> HOW TO COMPLETE THIS TASK:
Please copy the data below exactly; none of the pictures in it belong in the copy.

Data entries

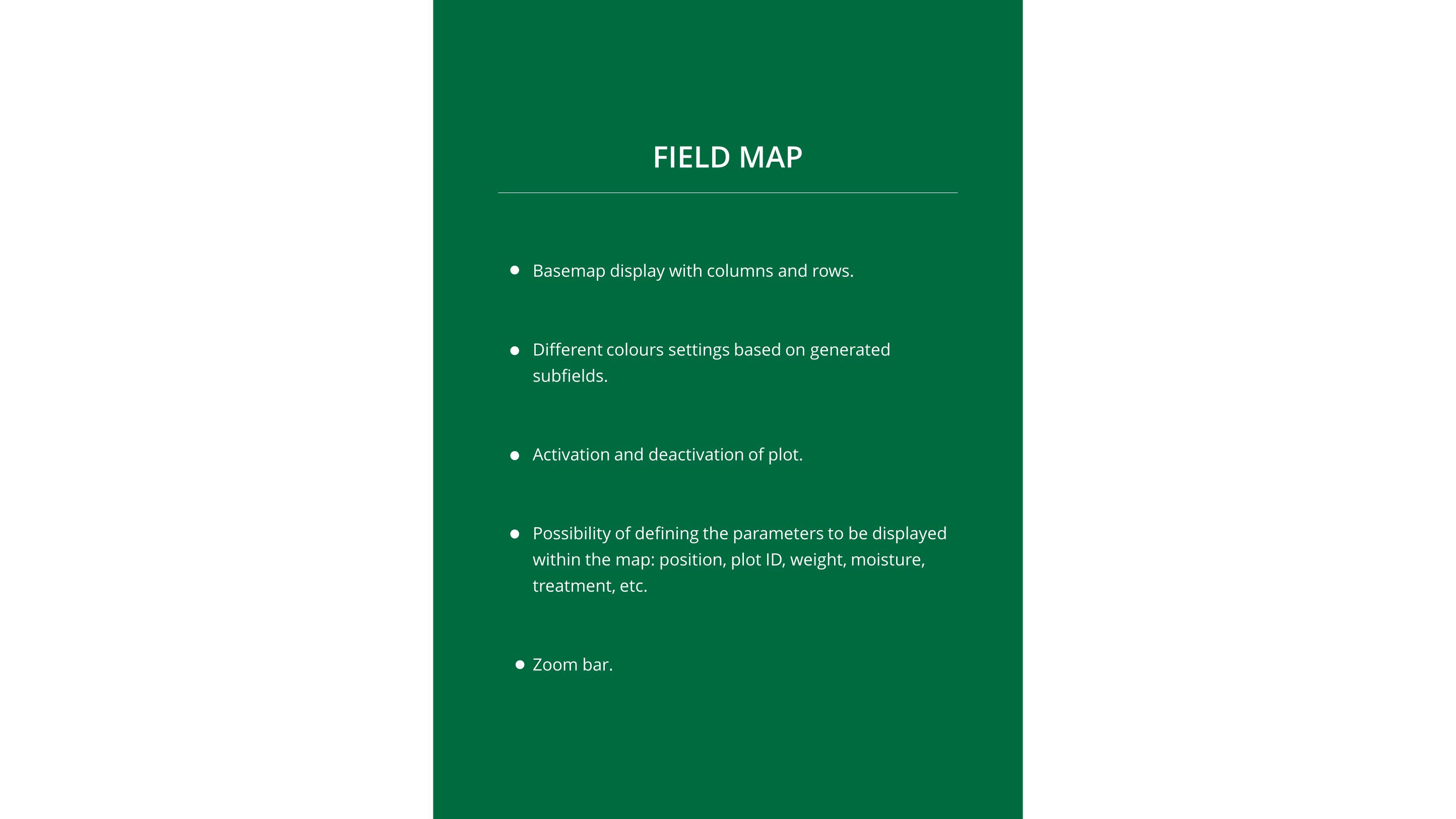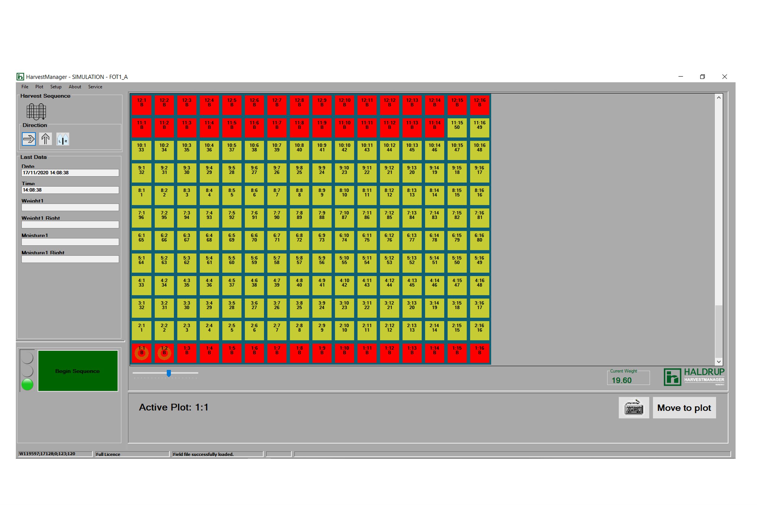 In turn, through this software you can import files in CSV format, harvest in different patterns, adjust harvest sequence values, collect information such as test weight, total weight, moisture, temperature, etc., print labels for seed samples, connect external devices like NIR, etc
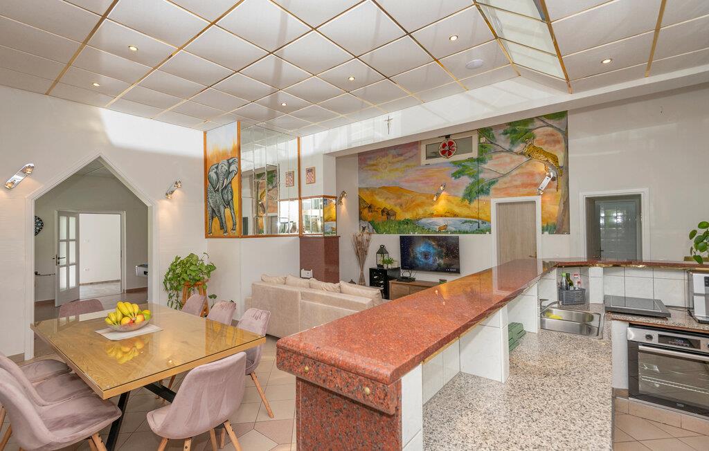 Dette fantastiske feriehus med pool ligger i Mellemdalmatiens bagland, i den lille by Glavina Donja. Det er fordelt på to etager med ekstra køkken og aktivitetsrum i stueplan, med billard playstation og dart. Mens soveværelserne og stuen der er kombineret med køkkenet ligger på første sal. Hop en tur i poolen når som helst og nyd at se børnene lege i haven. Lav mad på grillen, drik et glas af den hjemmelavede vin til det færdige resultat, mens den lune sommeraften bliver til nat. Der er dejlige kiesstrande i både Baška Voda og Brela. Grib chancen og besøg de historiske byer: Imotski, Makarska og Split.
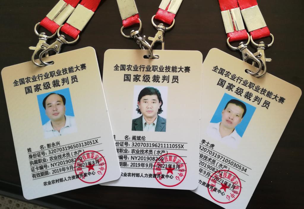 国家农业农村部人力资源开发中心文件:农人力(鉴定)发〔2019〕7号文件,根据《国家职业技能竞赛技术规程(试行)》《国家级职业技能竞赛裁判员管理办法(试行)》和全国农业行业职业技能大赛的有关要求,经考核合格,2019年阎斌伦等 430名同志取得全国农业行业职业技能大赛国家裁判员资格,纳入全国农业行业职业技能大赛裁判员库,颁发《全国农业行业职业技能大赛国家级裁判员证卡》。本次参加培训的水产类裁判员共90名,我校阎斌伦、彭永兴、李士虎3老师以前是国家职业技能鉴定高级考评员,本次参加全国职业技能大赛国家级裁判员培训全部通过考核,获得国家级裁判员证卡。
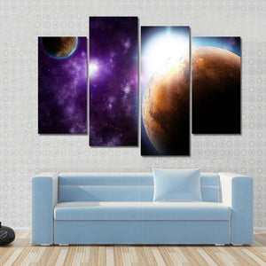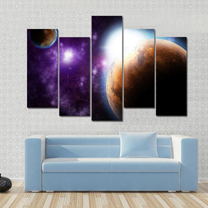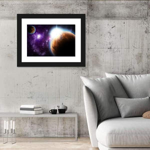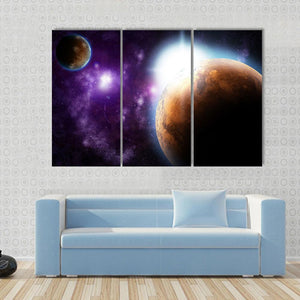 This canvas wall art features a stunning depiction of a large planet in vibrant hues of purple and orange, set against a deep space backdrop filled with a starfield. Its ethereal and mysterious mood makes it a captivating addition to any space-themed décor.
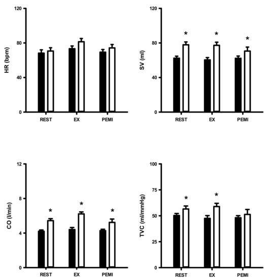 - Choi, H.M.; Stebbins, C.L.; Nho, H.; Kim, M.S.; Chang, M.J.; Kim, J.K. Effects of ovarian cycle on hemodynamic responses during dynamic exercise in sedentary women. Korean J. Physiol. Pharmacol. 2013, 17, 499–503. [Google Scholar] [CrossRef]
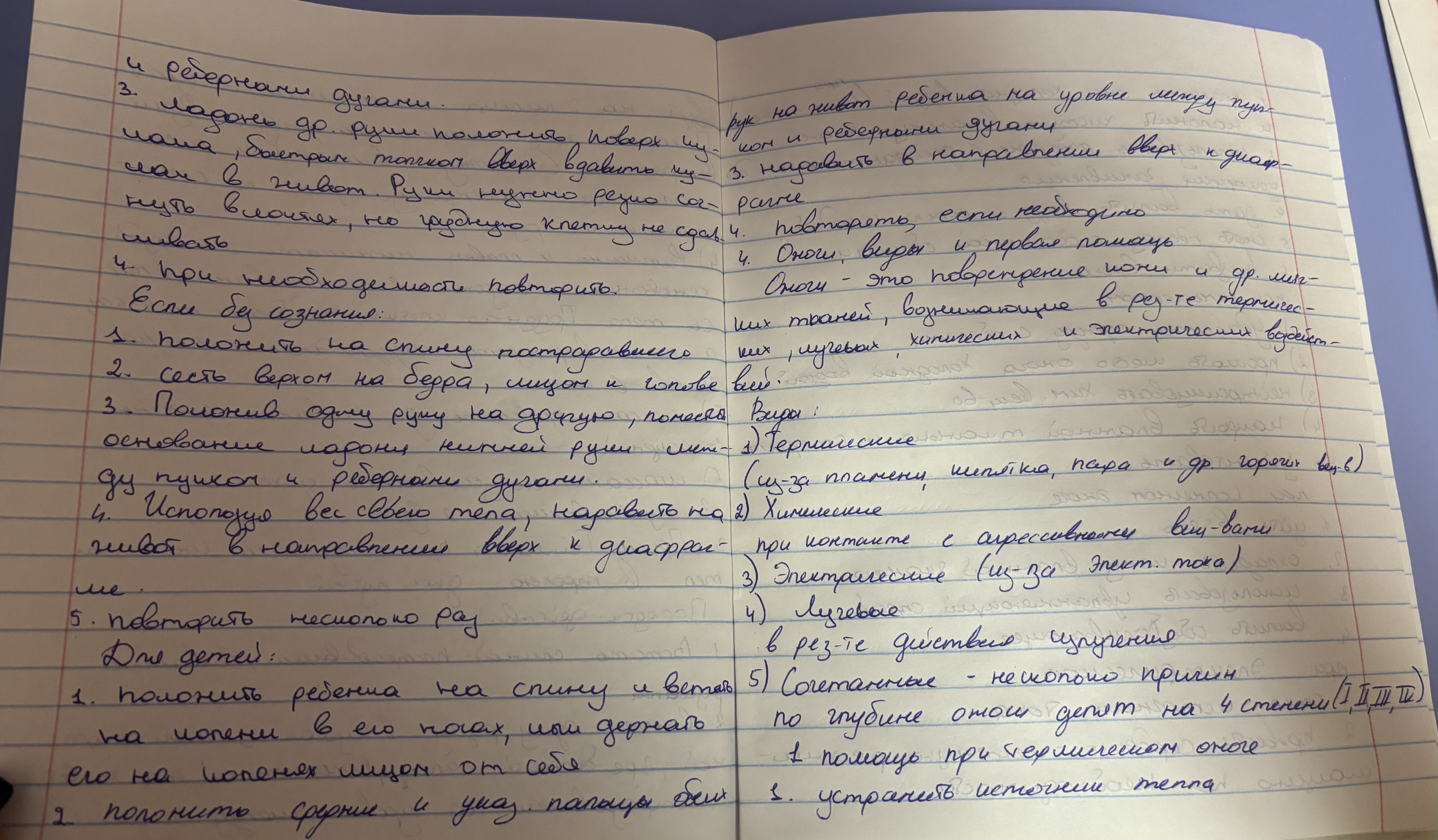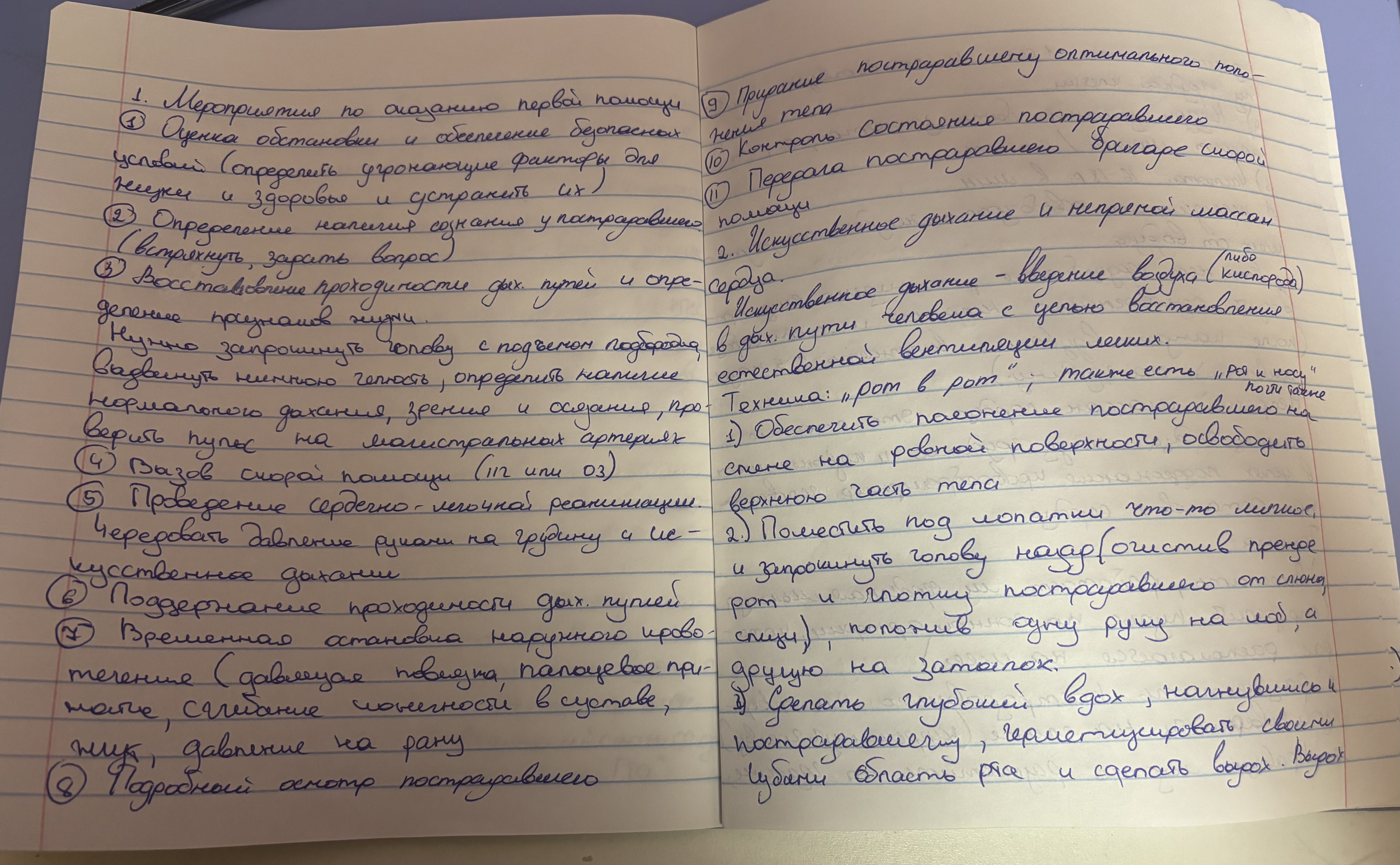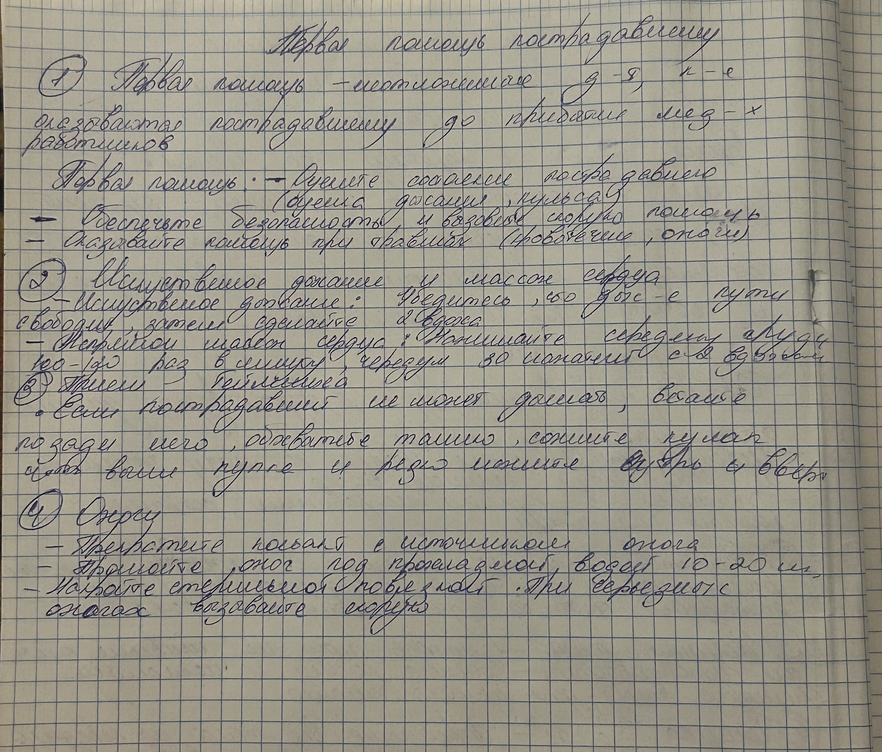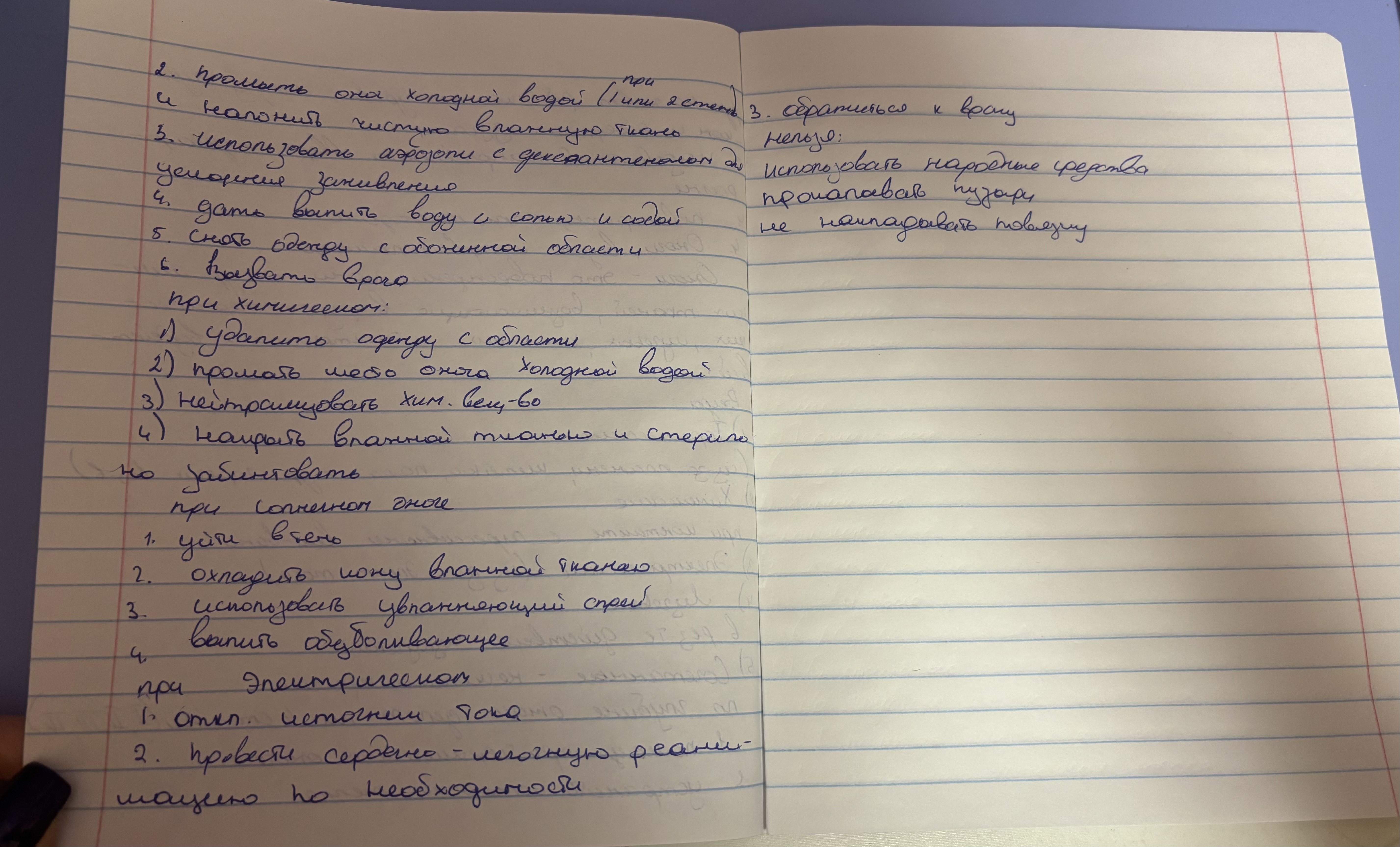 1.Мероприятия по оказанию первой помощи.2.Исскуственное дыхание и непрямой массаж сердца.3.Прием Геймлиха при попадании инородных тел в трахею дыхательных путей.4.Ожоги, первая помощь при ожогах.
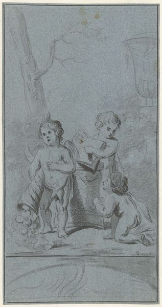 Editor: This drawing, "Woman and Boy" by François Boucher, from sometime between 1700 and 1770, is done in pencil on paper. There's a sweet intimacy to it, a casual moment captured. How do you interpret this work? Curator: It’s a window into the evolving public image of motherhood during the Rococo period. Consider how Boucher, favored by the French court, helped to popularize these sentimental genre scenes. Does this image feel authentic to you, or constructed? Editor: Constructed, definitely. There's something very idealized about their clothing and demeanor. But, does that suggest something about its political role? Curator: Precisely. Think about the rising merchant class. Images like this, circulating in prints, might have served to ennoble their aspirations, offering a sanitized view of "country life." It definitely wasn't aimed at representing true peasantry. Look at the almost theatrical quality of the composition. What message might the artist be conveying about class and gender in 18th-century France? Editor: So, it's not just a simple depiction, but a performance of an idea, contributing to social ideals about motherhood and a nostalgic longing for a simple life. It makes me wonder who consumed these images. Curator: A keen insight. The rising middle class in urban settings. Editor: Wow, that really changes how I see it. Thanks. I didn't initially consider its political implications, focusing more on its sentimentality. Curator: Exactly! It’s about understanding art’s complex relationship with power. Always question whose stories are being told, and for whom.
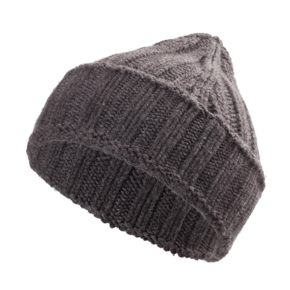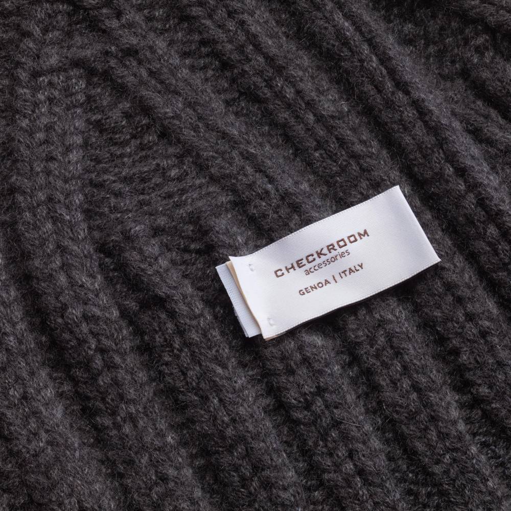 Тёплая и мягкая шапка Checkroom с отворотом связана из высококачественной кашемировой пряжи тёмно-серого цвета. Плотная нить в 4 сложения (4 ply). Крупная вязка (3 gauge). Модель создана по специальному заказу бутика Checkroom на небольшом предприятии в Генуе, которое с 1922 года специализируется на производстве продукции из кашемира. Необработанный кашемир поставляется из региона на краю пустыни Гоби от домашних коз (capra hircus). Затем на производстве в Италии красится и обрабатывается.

> RESULT BELOW:
 In turn, through this software you can import files in CSV format, harvest in different patterns, adjust harvest sequence values, collect information such as test weight, total weight, moisture, temperature, etc., print labels for seed samples, connect external devices like NIR, etc
 Dette fantastiske feriehus med pool ligger i Mellemdalmatiens bagland, i den lille by Glavina Donja. Det er fordelt på to etager med ekstra køkken og aktivitetsrum i stueplan, med billard playstation og dart. Mens soveværelserne og stuen der er kombineret med køkkenet ligger på første sal. Hop en tur i poolen når som helst og nyd at se børnene lege i haven. Lav mad på grillen, drik et glas af den hjemmelavede vin til det færdige resultat, mens den lune sommeraften bliver til nat. Der er dejlige kiesstrande i både Baška Voda og Brela. Grib chancen og besøg de historiske byer: Imotski, Makarska og Split.
 国家农业农村部人力资源开发中心文件:农人力(鉴定)发〔2019〕7号文件,根据《国家职业技能竞赛技术规程(试行)》《国家级职业技能竞赛裁判员管理办法(试行)》和全国农业行业职业技能大赛的有关要求,经考核合格,2019年阎斌伦等 430名同志取得全国农业行业职业技能大赛国家裁判员资格,纳入全国农业行业职业技能大赛裁判员库,颁发《全国农业行业职业技能大赛国家级裁判员证卡》。本次参加培训的水产类裁判员共90名,我校阎斌伦、彭永兴、李士虎3老师以前是国家职业技能鉴定高级考评员,本次参加全国职业技能大赛国家级裁判员培训全部通过考核,获得国家级裁判员证卡。
 This canvas wall art features a stunning depiction of a large planet in vibrant hues of purple and orange, set against a deep space backdrop filled with a starfield. Its ethereal and mysterious mood makes it a captivating addition to any space-themed décor.
 - Choi, H.M.; Stebbins, C.L.; Nho, H.; Kim, M.S.; Chang, M.J.; Kim, J.K. Effects of ovarian cycle on hemodynamic responses during dynamic exercise in sedentary women. Korean J. Physiol. Pharmacol. 2013, 17, 499–503. [Google Scholar] [CrossRef]
 1.Мероприятия по оказанию первой помощи.2.Исскуственное дыхание и непрямой массаж сердца.3.Прием Геймлиха при попадании инородных тел в трахею дыхательных путей.4.Ожоги, первая помощь при ожогах.
 Editor: This drawing, "Woman and Boy" by François Boucher, from sometime between 1700 and 1770, is done in pencil on paper. There's a sweet intimacy to it, a casual moment captured. How do you interpret this work? Curator: It’s a window into the evolving public image of motherhood during the Rococo period. Consider how Boucher, favored by the French court, helped to popularize these sentimental genre scenes. Does this image feel authentic to you, or constructed? Editor: Constructed, definitely. There's something very idealized about their clothing and demeanor. But, does that suggest something about its political role? Curator: Precisely. Think about the rising merchant class. Images like this, circulating in prints, might have served to ennoble their aspirations, offering a sanitized view of "country life." It definitely wasn't aimed at representing true peasantry. Look at the almost theatrical quality of the composition. What message might the artist be conveying about class and gender in 18th-century France? Editor: So, it's not just a simple depiction, but a performance of an idea, contributing to social ideals about motherhood and a nostalgic longing for a simple life. It makes me wonder who consumed these images. Curator: A keen insight. The rising middle class in urban settings. Editor: Wow, that really changes how I see it. Thanks. I didn't initially consider its political implications, focusing more on its sentimentality. Curator: Exactly! It’s about understanding art’s complex relationship with power. Always question whose stories are being told, and for whom.
 Тёплая и мягкая шапка Checkroom с отворотом связана из высококачественной кашемировой пряжи тёмно-серого цвета. Плотная нить в 4 сложения (4 ply). Крупная вязка (3 gauge). Модель создана по специальному заказу бутика Checkroom на небольшом предприятии в Генуе, которое с 1922 года специализируется на производстве продукции из кашемира. Необработанный кашемир поставляется из региона на краю пустыни Гоби от домашних коз (capra hircus). Затем на производстве в Италии красится и обрабатывается.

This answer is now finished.